- The paper demonstrates that transformer models suffer from error propagation and shallow pattern recognition when tackling complex, multi-hop compositional tasks.
- It introduces a computational graph framework to quantify task complexity in terms of reasoning depth and width, linking higher complexity to lower accuracy.
- Results show that although finetuning improves in-domain performance, models still struggle with out-of-domain examples, calling for new strategies in systematic reasoning.
Introduction
Transformers, particularly LLMs like GPT-3, ChatGPT, and GPT-4, have demonstrated remarkable capabilities in various cognitive tasks, yet they face challenges with seemingly simple tasks. This paper investigates such limitations by exploring three representative compositional tasks—multi-digit multiplication, logic grid puzzles, and a dynamic programming problem—to quantify task complexity and model performance systematically.
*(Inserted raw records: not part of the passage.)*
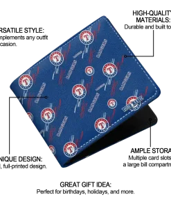 Hit a home run with Texas Rangers by wearing the Custom Texas Rangers Streak Motif Blue Wallet. Featuring a bold team design and crafted with premium materials, this durable sports wallet offers plenty of space for your cards, cash, and game-day essentials. With a secure fold-over closure, it’s the perfect accessory for any die-hard fan ready to rep their team, from the dugout to the streets.
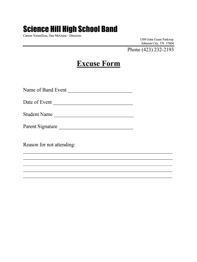 Science Hill High School Band Carson Vermilion, Dan McGuire Directors 1509 John Exam Parkway Johnson City, TN 37604 Phone (423× 2322193 Excuse Form Name of Band Event Date of Event Student Name Parent
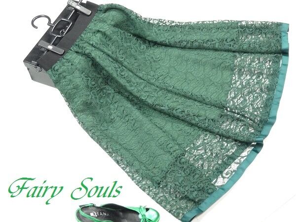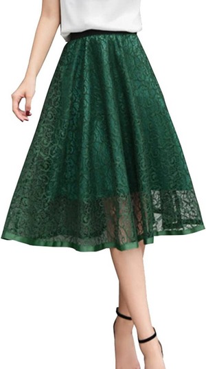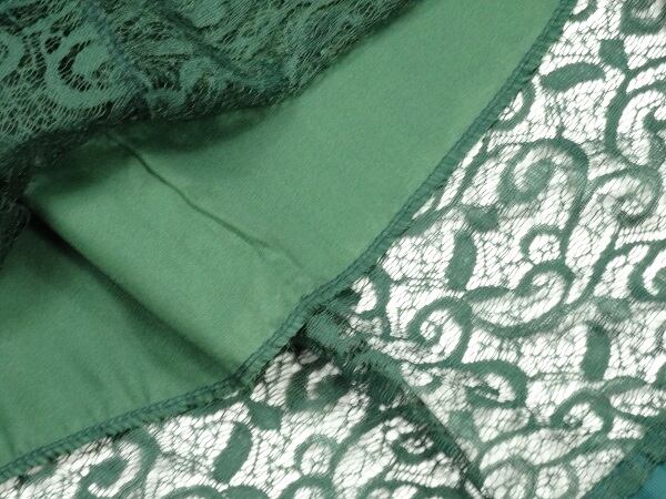 レース膝丈フレア-スカ-ト。深い緑のレースが美しくエレガントで揺れ感が素敵な一着です。ウエストは総ゴムでサイズ的にゆったり着用いただけます。裏地有。ファスナ-なし。
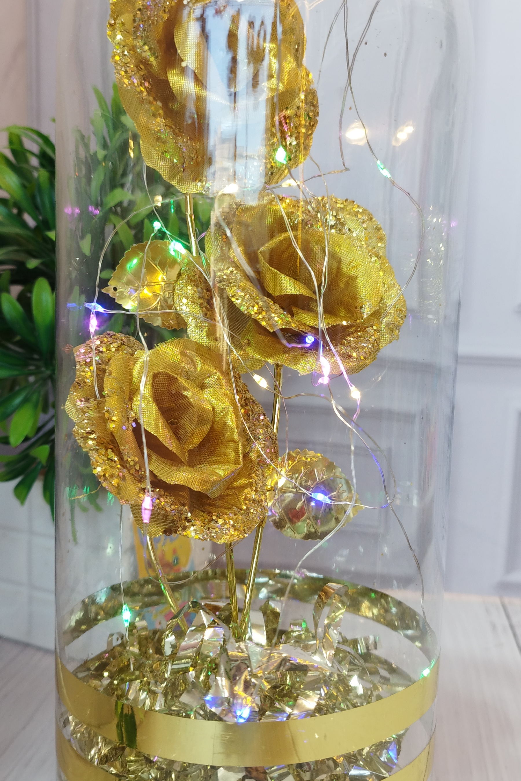 گل رز طلایی یک هدیه بسیار ماندگار خوشگل،این محصول زیبا با طراحی شیشه فلاکسی به همراه یک ریسه میتوانید آن را روشن کنید و جلوه زیبا را به ارمغان بگزارید
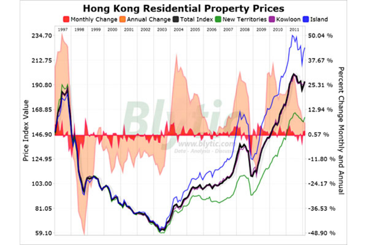 Today, the University of Hong Kong released their (HKU-REIS) indicating that, in February, the price of residential properties increased a notable 2.05% since January and climbed 5.96% above the level seen in February 2011.

Compositional Graph Framework
To systematically analyze the reasoning abilities of transformer models, the paper proposes depicting tasks as computation graphs. Each graph's nodes represent variables during execution, while the edges signify function arguments involved in computations (Figure 1). This framework allows measuring compositional complexity in terms of reasoning depth and width, where reasoning depth equates to the maximum multi-hop reasoning required, and reasoning width relates to the degree of parallelism needed during computation.
Figure 1: Transformation of an algorithm A to its computational graph GA(x)​. The depicted example is of long-form multiplication algorithm A, for inputs x=[7,49] (computing 7×49).
Empirical Evaluation
The paper conducts comprehensive zero-shot, few-shot, and finetuning experiments with various LLMs to evaluate their performance on compositional tasks. Results show a significant performance drop as task complexity increases, regardless of whether models use question-answer or question-scratchpad formats.

Figure 2: (a) Zero-shot accuracy deteriorates as task complexity increases based on problem sizes. (b) Average parallelism negatively correlates with accuracy.
Despite finetuning with comprehensive data, models achieve high accuracy only on in-domain data while failing to generalize to out-of-domain (OOD) examples. Attempts to introduce explicit scratchpads, intended to guide models through the reasoning path, similarly failed to address the underlying limitations.
Error Analysis and Understanding of Limitations
The paper conducts a detailed error analysis to uncover how transformers handle compositional reasoning. Transformers are found to often fail due to propagation errors, as they lack the capacity to efficiently compose correct reasoning paths.

Figure 3: Average frequency in which test examples' full computations subgraph appear in the training data w.r.t. the subgraph depth, grouped by final answer.
The models' tendency towards shallow pattern recognition rather than genuine understanding underlines a fundamental restriction in their current architecture when tackling compositionally complex tasks.
Theoretical Insights
The paper puts forth theoretical propositions that highlight the convergence of error probabilities in transformers when tasked with complex compositional problems. In particular, error rates increase rapidly when either independent applications or iterative applications of functions are required. These findings confirm that transformers may inherently struggle with out-of-box compositionally complex task solutions.
Future Directions
Achieving significant improvements in transformers requires addressing fundamental limitations. Strategies such as leveraging transformers in less complex compositional tasks, integrating planning modules and refining methods, and involving the broader research community are proposed as potential pathways forward. These approaches focus on mitigating error propagation and enhancing systematic reasoning capabilities.
Conclusion
This paper offers critical insights into the limitations of transformers in solving compositionally rich tasks. By highlighting these shortcomings both empirically and theoretically, it underscores the importance of developing more advanced models capable of genuine multi-step reasoning and systematic problem-solving. Understanding these limitations paves the way for future research aimed at creating more reliable AI systems.